Digital Signature Series: The Magic of Blind Signatures

 

Welcome to the Digital Signature Series! Each post unravels one digital signature scheme in a fun, clear way. Whether you’re new to cryptography or a security geek, this series is your guide to the tech behind secure communications. No jargon overload—just one signature at a time! Today, we’re exploring blind signatures with a twist: a post-quantum demonstration using Dilithium. This blog will stay updated with fresh content, including advancements in post-quantum cryptography (PQC). Let’s dive in!

Note: The code here is for educational purposes only. It demonstrates a simplified "blinded signing" process, not a production-ready blind signature scheme.

🔍 What’s a Blind Signature?

A blind signature lets someone sign a message without seeing what it says. It’s like getting a document notarized while keeping its contents secret. Perfect for:

• Anonymous Voting: Prove your vote is valid without revealing your choice.
• Digital Cash: Spend money anonymously while ensuring it’s legit.
• Privacy Systems: Authenticate without exposing sensitive data.

📬 Fun Analogy

Imagine:

• You write a secret message (e.g., your vote) and lock it in an envelope with a random code (blinding factor r).

• The signer stamps the envelope without opening it (signs the blinded message).

• You unlock the envelope to reveal a valid signature on your original message.

In true blind signatures, anyone can verify the signature later, and the signer can’t link it back to you. Our demo simplifies this—more on that below!

🛠️ How It Works (RSA Blind Signatures)

1. Blinding (Message Owner)

• Inputs:

  • Message m (hash first: H(m) for security).

  • Signer’s public key (e, N).

  • Random r (blinding factor, coprime to N).

• Compute blinded message:

  $$m_0=H(m)\cdot r^e\mathrm{m}\mathrm{o}\mathrm{d}N$$

  (This hides H(m) using r.)

2. Signing (Signer)

• Signer computes:

  $$s_0=m_0^d\mathrm{m}\mathrm{o}\mathrm{d}N$$

  (Uses private key d; sees only m₀, not m.)

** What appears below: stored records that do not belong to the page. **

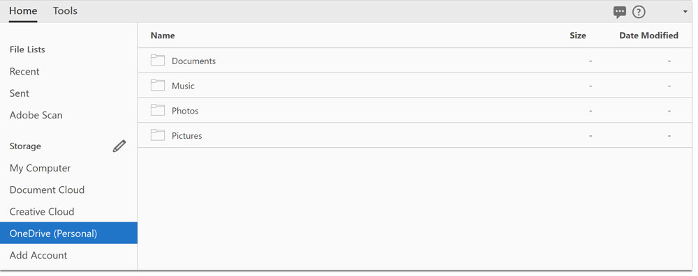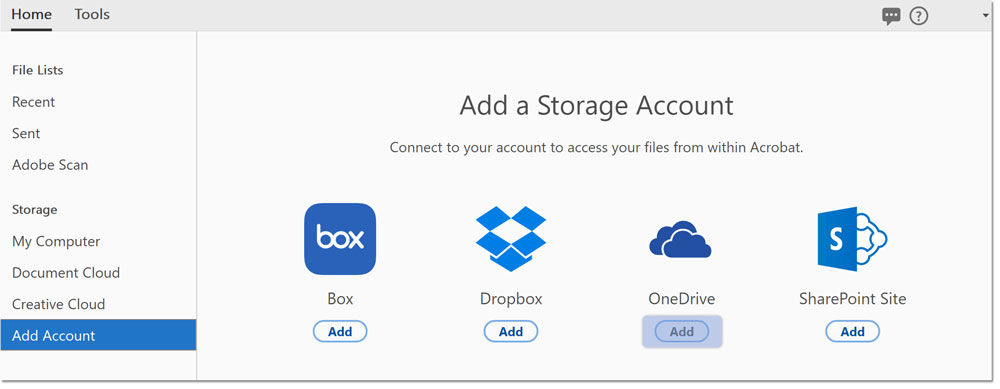 - Select **Add ** under the OneDrive icon to connect your files within Acrobat.
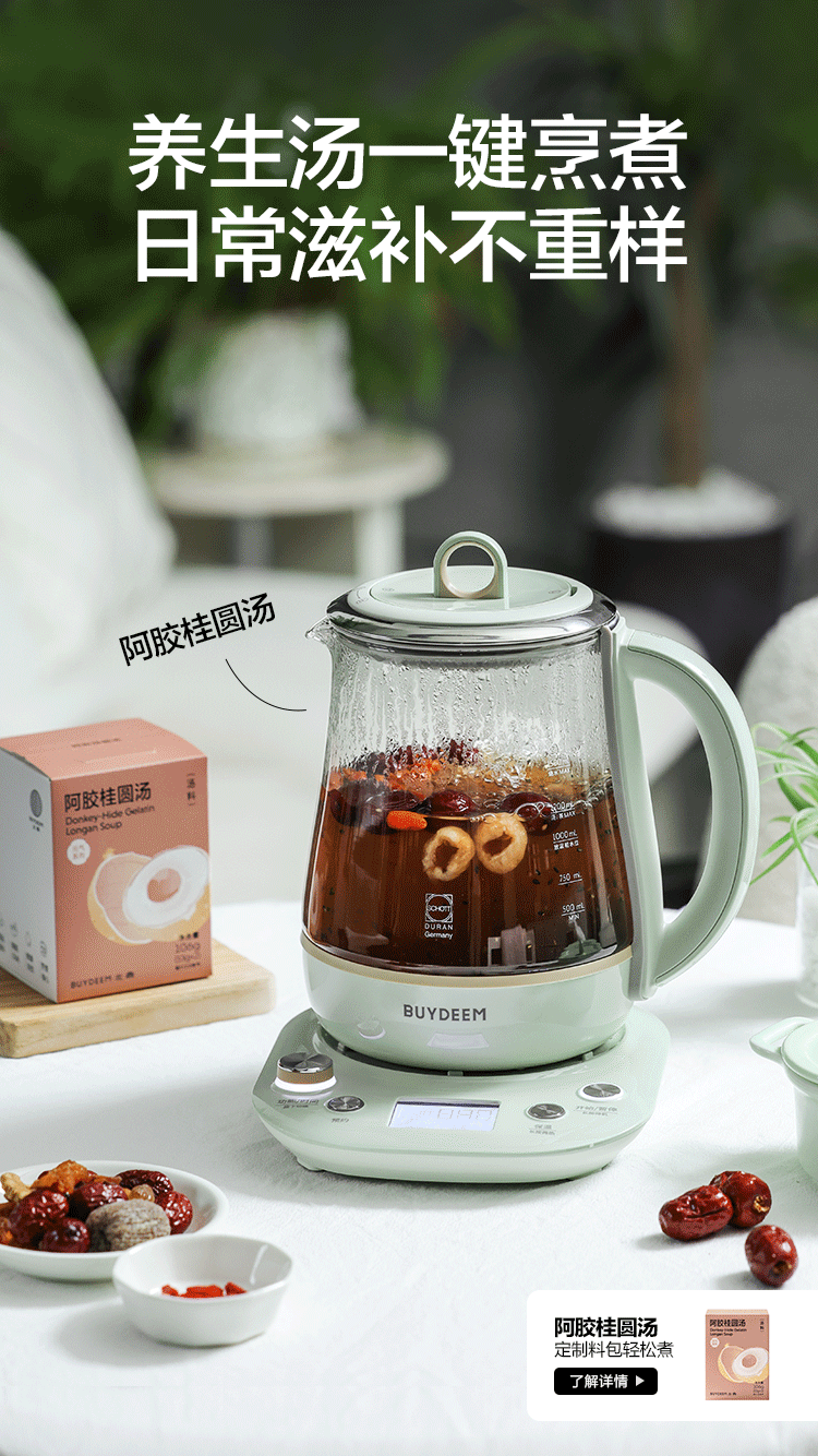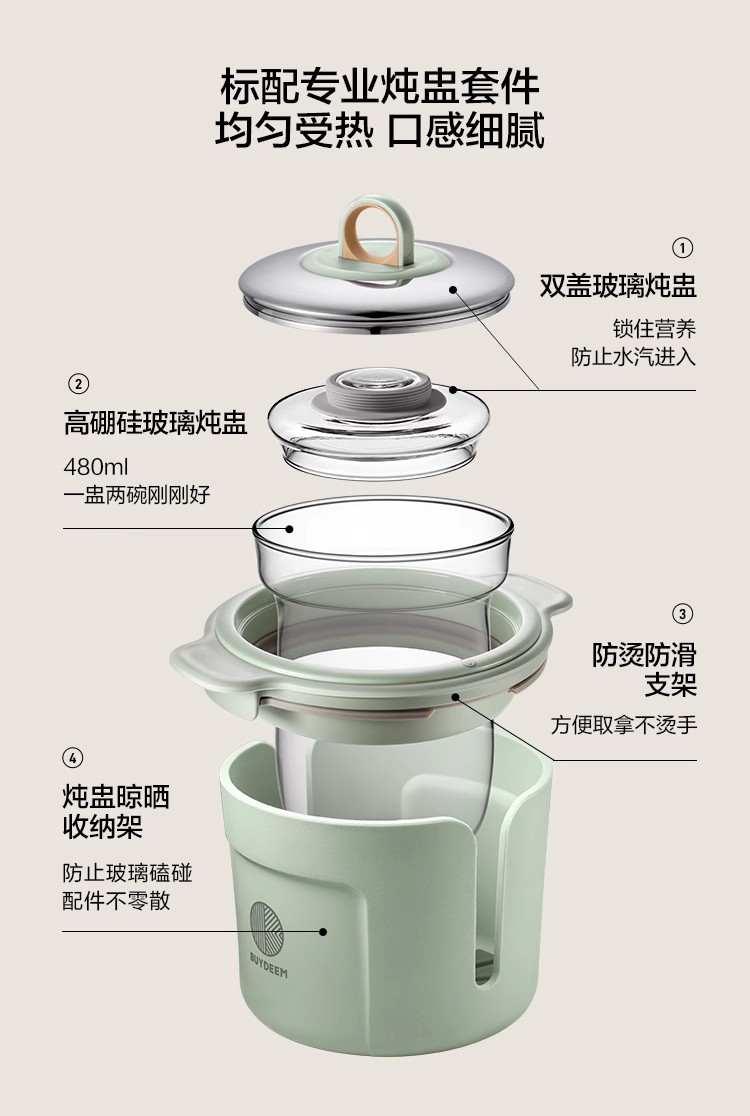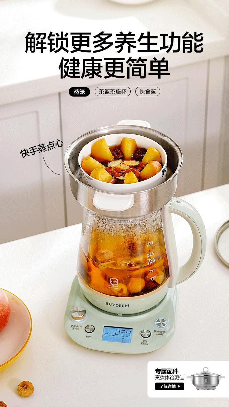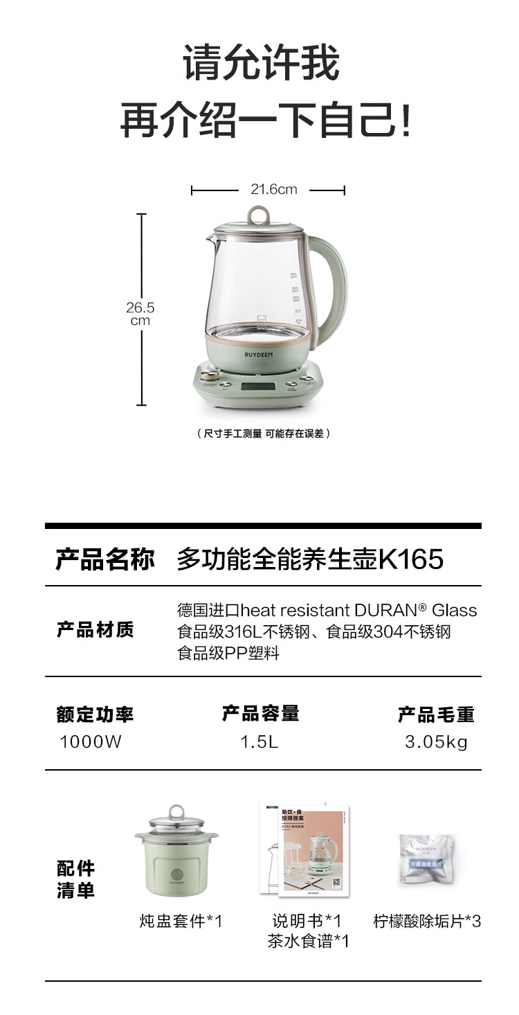 北鼎全自动多功能养生壶K165浅杉绿配炖盅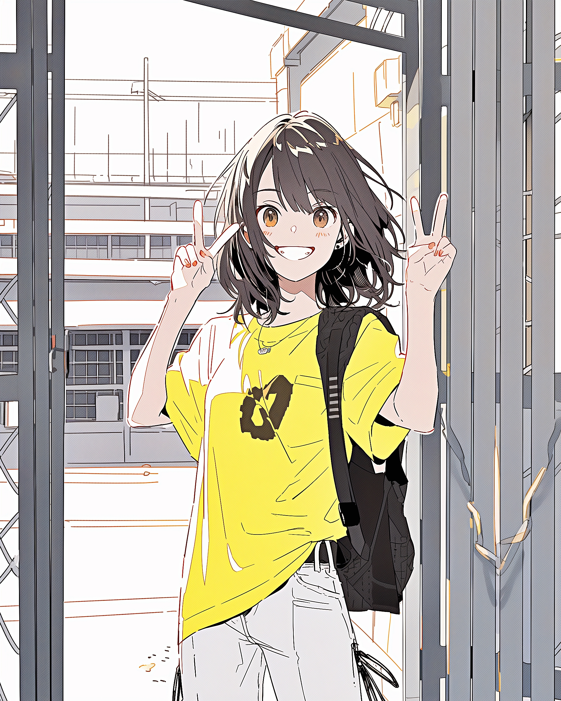 検索タグ:イラスト、ファッション、キャラクター、女性、女、女の子、女子、女の人、アニメ、漫画、マンガ、美人、美女、若い、かわいい、可愛い、カワイイ、人物、顔、美しい、綺麗、きれい、キレイ、アート、お洒落、女子高生、JK、挿絵、夏、春、パステルカラー、春服、インスタ、Instagram、夏、夏服、summer、fashion、サムネイル、アイキャッチ、コピースペース、イエロー、黄色、yellow、Tシャツ

3. Unblinding (Message Owner)

• Remove r to reveal true signature:

  $$s=s_0\cdot r^{-1}\mathrm{m}\mathrm{o}\mathrm{d}N$$

  (Now s is a standard RSA signature on H(m).)

4. Verification (Anyone)

• Check:

  $$s^e\mathrm{m}\mathrm{o}\mathrm{d}N=?H(m)\mathrm{m}\mathrm{o}\mathrm{d}N$$

 

This ensures privacy and verifiability—key traits of true blind signatures.

  

Real Example

Here’s how it plays out, using a very simple Python code (try it yourself):

Message: “This is my secret vote: Candidate A” (hashed for signing).



Blinded Message:

25897723902408099327373776355771596951454505987805654930136124529669853613571217498689712266047555878727633097755083911568054466854552878188783986656541344830523134519263213268568322177695772971330835117729396456932987581586515649824115022116802094922109371845081267710014621658369021334695128137436432538121



Blind Signature (from signer):

5404331721527606134618963912751537993817726180922751006788595610643400261256797673857856508673300186850435098081515931585908319002073523546602021280160281043681820557480739821317911636292140810422466493335397152401882199823767765417490837643254294385097067892204113527838668637097032035881736464391220513931



Unblinded Signature:

61432955544478180478345676980109024404621959943422218550091539812708838868048797277398793318100659142214413002155049337721940588986532249915418044917565614786207934212014955575354063990598631017200837783214465327211991760561018490638818742937982421995572078350543454217847437685605457067921920613509814513242



Verification: The signature is valid! Anyone can check it with the signer’s public key, and the signer never saw the vote.

 

🔮 Post-Quantum Twist: Dilithium Demo

RSA works great but is vulnerable to quantum computers. Enter Dilithium: a fast, lattice-based, NIST-standardized PQC signature scheme. Our demo adapts Dilithium for "blinded signing," but with caveats:

• What It Does: Hides the message from the signer, allows private verification.

• What It Doesn’t Do:

  • Public verifiability (needs the secret blinding factor).

  • True unlinkability (signer could link if the factor is revealed).

  • Mathematical unblinding (uses concatenation, not a proper transformation).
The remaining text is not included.